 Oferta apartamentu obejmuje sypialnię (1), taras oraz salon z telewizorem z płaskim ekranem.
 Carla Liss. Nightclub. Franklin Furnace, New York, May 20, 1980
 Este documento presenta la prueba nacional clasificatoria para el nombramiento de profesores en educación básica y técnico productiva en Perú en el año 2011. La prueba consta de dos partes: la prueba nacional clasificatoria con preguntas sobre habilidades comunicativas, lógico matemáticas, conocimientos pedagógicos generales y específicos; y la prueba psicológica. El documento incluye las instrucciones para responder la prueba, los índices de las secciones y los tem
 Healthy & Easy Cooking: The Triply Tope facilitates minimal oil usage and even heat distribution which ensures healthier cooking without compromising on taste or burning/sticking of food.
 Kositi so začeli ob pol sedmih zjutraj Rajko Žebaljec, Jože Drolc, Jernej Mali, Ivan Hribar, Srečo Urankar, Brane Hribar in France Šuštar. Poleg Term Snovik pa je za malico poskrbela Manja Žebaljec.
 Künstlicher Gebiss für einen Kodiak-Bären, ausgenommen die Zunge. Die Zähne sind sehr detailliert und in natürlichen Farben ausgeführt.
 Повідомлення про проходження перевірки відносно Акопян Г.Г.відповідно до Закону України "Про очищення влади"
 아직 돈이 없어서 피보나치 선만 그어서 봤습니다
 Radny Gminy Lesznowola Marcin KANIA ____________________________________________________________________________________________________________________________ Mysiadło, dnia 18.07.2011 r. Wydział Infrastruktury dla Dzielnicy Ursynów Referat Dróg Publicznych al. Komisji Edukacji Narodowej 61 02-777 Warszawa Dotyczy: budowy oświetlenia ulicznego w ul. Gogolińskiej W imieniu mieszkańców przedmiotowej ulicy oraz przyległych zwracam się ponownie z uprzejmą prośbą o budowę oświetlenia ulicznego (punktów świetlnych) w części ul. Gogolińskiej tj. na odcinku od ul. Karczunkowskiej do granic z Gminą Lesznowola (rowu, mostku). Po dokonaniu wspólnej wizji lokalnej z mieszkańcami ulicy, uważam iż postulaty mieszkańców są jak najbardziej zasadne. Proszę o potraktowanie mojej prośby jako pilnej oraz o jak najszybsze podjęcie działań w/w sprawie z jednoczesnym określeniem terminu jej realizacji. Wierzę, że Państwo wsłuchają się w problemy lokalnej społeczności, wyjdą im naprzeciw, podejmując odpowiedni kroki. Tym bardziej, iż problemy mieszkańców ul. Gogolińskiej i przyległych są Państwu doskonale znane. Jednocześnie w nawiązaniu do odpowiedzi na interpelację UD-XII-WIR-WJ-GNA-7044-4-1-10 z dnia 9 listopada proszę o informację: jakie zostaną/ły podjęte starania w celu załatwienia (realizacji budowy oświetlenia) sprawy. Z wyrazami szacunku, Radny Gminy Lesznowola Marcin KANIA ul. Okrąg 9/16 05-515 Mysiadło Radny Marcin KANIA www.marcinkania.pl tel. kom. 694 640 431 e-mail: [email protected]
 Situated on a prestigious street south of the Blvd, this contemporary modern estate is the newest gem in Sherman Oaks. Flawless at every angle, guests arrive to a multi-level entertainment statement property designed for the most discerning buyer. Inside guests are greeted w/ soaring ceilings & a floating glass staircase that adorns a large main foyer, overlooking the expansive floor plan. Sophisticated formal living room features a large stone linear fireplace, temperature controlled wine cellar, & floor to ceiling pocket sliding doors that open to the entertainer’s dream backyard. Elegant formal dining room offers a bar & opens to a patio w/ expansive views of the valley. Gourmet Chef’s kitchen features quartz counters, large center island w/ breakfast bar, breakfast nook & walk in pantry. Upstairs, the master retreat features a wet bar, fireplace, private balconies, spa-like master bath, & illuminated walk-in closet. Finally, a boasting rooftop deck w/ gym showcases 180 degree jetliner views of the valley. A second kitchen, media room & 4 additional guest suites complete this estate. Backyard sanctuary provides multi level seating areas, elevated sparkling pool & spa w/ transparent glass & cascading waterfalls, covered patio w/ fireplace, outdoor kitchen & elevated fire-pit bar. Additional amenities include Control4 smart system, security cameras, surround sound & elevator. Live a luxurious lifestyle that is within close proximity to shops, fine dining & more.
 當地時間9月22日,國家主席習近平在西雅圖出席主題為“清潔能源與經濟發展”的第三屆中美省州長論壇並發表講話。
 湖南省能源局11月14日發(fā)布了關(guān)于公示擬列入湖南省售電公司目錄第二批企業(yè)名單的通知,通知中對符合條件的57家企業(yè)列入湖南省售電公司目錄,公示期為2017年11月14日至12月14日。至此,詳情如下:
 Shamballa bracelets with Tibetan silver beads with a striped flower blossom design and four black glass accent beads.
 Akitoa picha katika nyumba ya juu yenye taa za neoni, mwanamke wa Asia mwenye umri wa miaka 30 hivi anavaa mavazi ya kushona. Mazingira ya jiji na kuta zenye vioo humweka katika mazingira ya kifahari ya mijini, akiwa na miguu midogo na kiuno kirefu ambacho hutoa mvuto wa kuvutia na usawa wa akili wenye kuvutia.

Task to complete
Only the lines above from the one with "Healthy & Easy" up to and including the one with "아직 돈이 없어서 피보나치 선만 그어서 봤습니다" should be repeated, exactly as written.

Task output
 Healthy & Easy Cooking: The Triply Tope facilitates minimal oil usage and even heat distribution which ensures healthier cooking without compromising on taste or burning/sticking of food.
 Kositi so začeli ob pol sedmih zjutraj Rajko Žebaljec, Jože Drolc, Jernej Mali, Ivan Hribar, Srečo Urankar, Brane Hribar in France Šuštar. Poleg Term Snovik pa je za malico poskrbela Manja Žebaljec.
 Künstlicher Gebiss für einen Kodiak-Bären, ausgenommen die Zunge. Die Zähne sind sehr detailliert und in natürlichen Farben ausgeführt.
 Повідомлення про проходження перевірки відносно Акопян Г.Г.відповідно до Закону України "Про очищення влади"
 아직 돈이 없어서 피보나치 선만 그어서 봤습니다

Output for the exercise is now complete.